* _Exercise requirements_: Please set down, unchanged, each line from the one with "A small white mouse cage with" to the final line of the data below, both included. Drop the pictures.

Recorded data
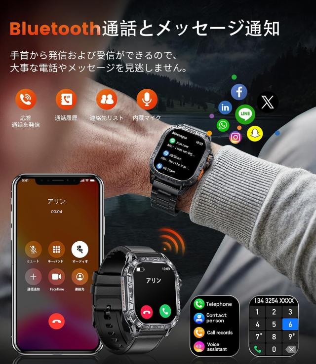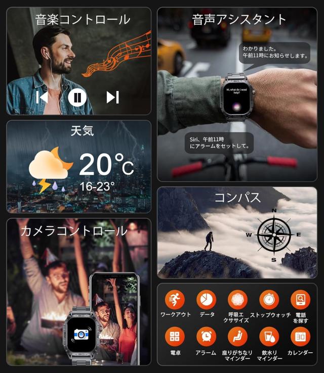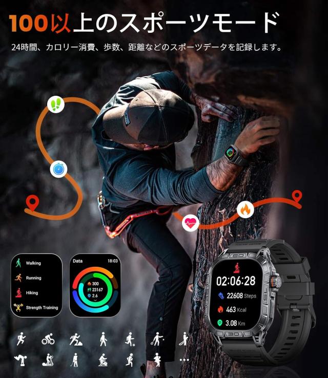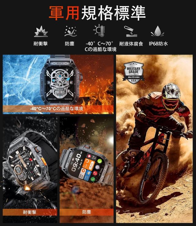 男性用のこのミリタリースマートウォッチは、衝撃や防水性を含む複数の耐久テストに合格しており、強力な耐久性と落下耐性を備えています。ステンレススチールベゼルとPC-ABS合金底殻が耐久性と衝撃耐性を向上させます。防水性能は5ATMです。時計に水が入った場合は、画面をタッチして下にスワイプし、水滴アイコンをタップすると自動的に水を排出します。(ヒント:リンクには、この時計の効果的な使用方法を助ける instructional videos が含まれています。)
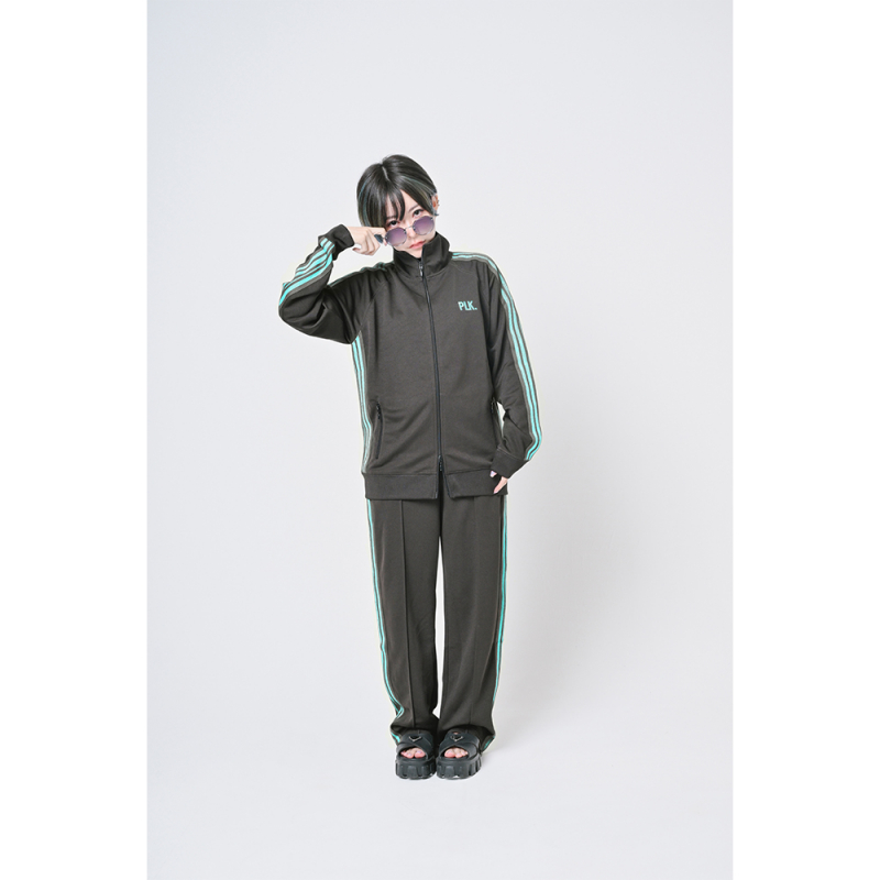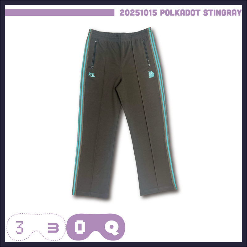トップスと同じライン入り&左右で違うワンポイントの刺繍入り!
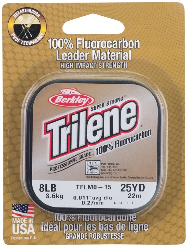 BERKLEY Trilene 100% Fluorocarbon auf Vorfachspulen. Im Wasser nahezu unsichtbar, ist diese Schnur für viele Angelarten einsetzbar.
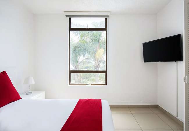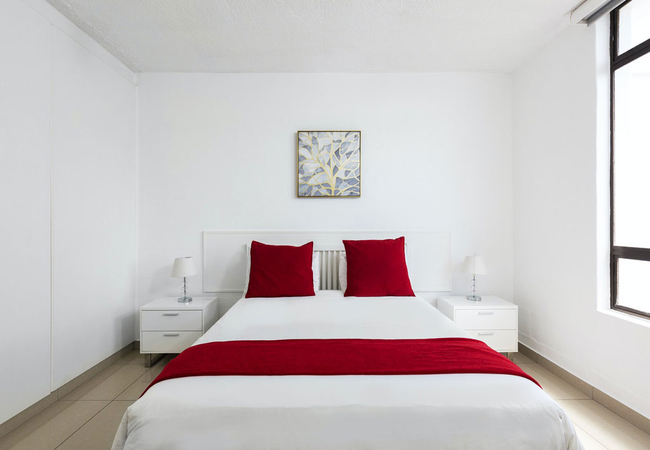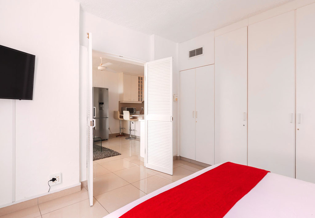 Breakers 421 is a self catering apartment with air conditioning and two bedrooms. The main bedroom has a double bed and a TV and the second bedroom has a tri-bunk which has a double bed at the bottom and a single on top. The bathroom has a shower over the bath.
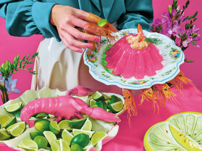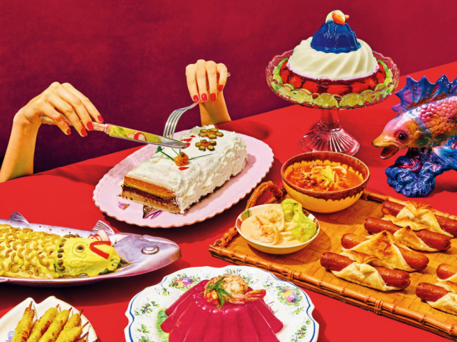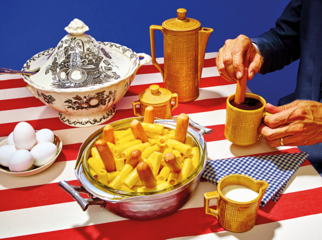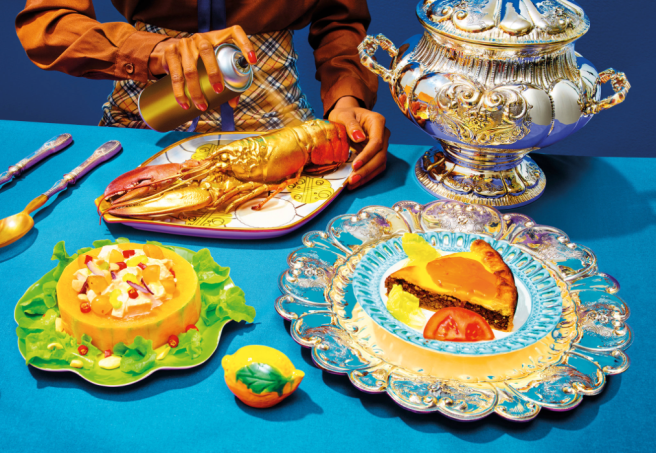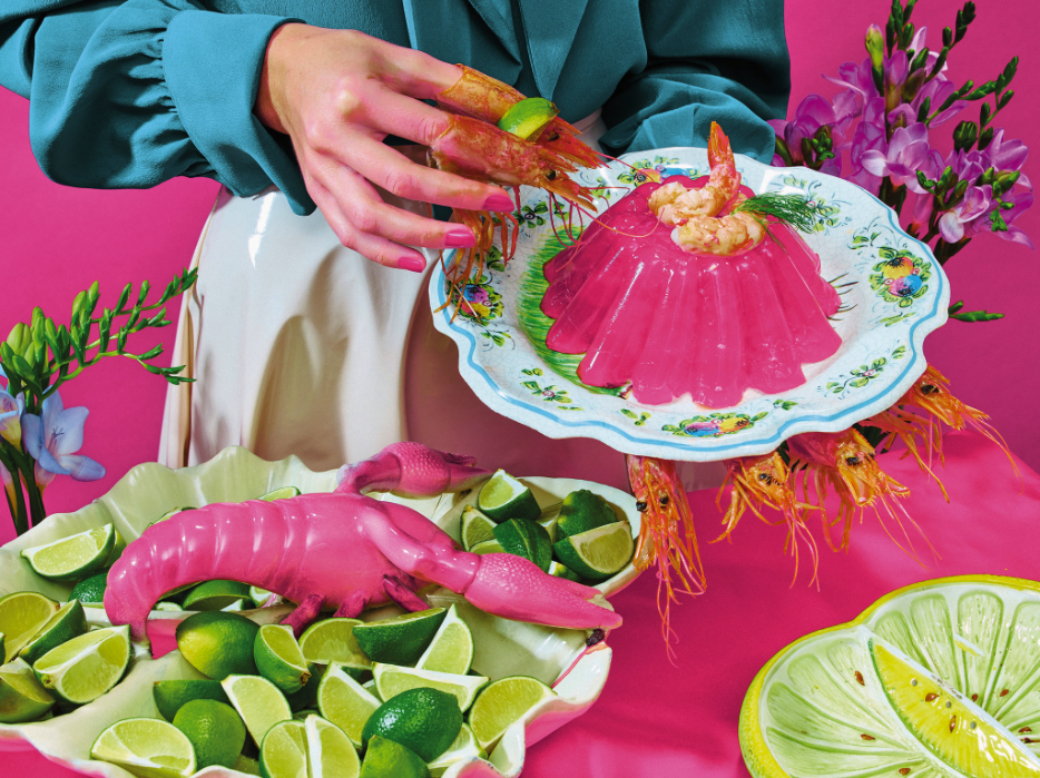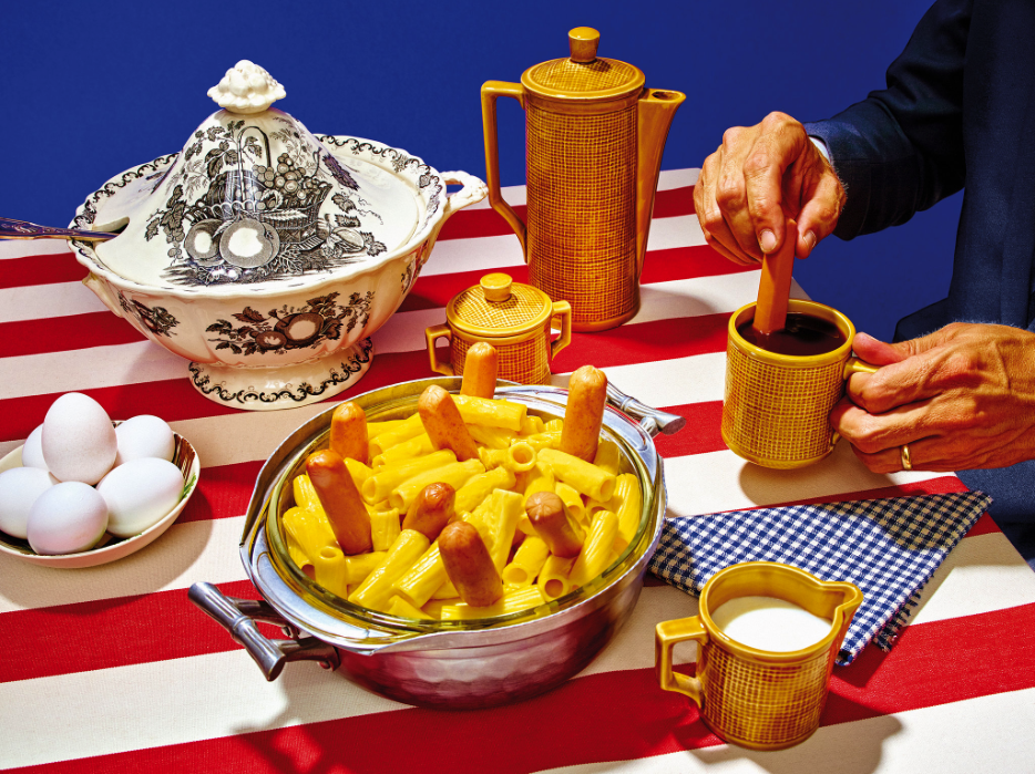 The New York Times Magazine asked the artists Maurizio Cattelan and Pierpaolo Ferrari to interpret the 1971 Betty Crocker Recipe Card Library. While photographing the dishes, Cattelan said they styled the food “with humor and without mercy.”
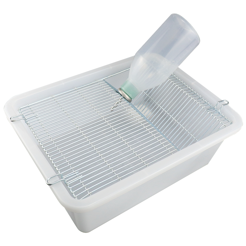 A small white mouse cage with a large white mouse cage with a small white mouse cage covered with a white large mouse cage covered with a white large mouse cage cover 500ml water bottle green water mouth in the rat cage 32*24c
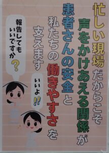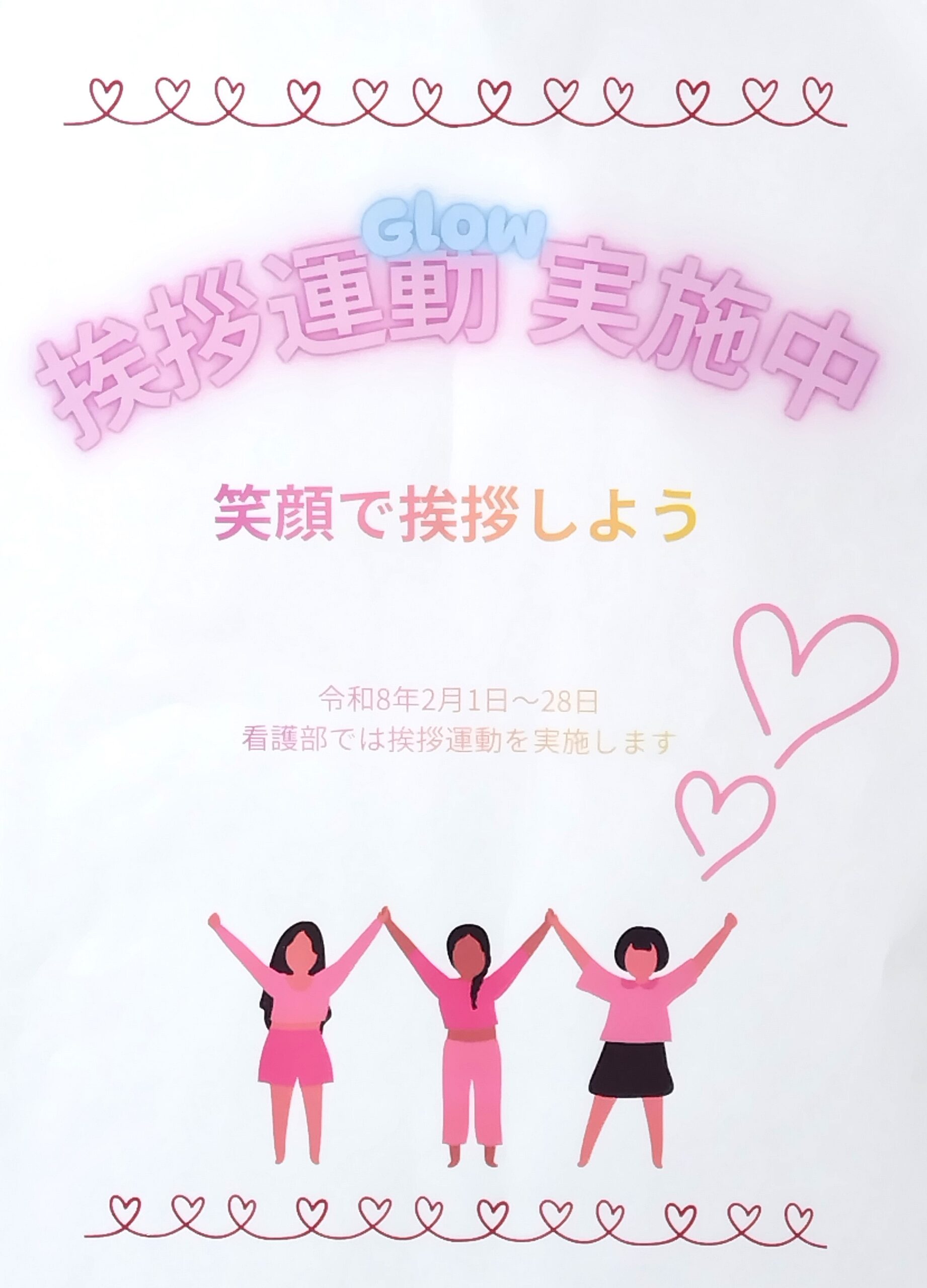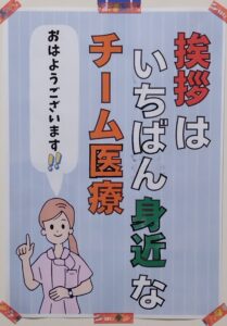 開始するにあたり、院内の職員が利用する休憩室やロッカー、トイレなどにメッセージポスターを掲示しています。早速「ポスター見たよ、挨拶運動いいね!」という大きく明るい声が聞かれました。

* _Reply_:
 A small white mouse cage with a large white mouse cage with a small white mouse cage covered with a white large mouse cage covered with a white large mouse cage cover 500ml water bottle green water mouth in the rat cage 32*24c
 開始するにあたり、院内の職員が利用する休憩室やロッカー、トイレなどにメッセージポスターを掲示しています。早速「ポスター見たよ、挨拶運動いいね!」という大きく明るい声が聞かれました。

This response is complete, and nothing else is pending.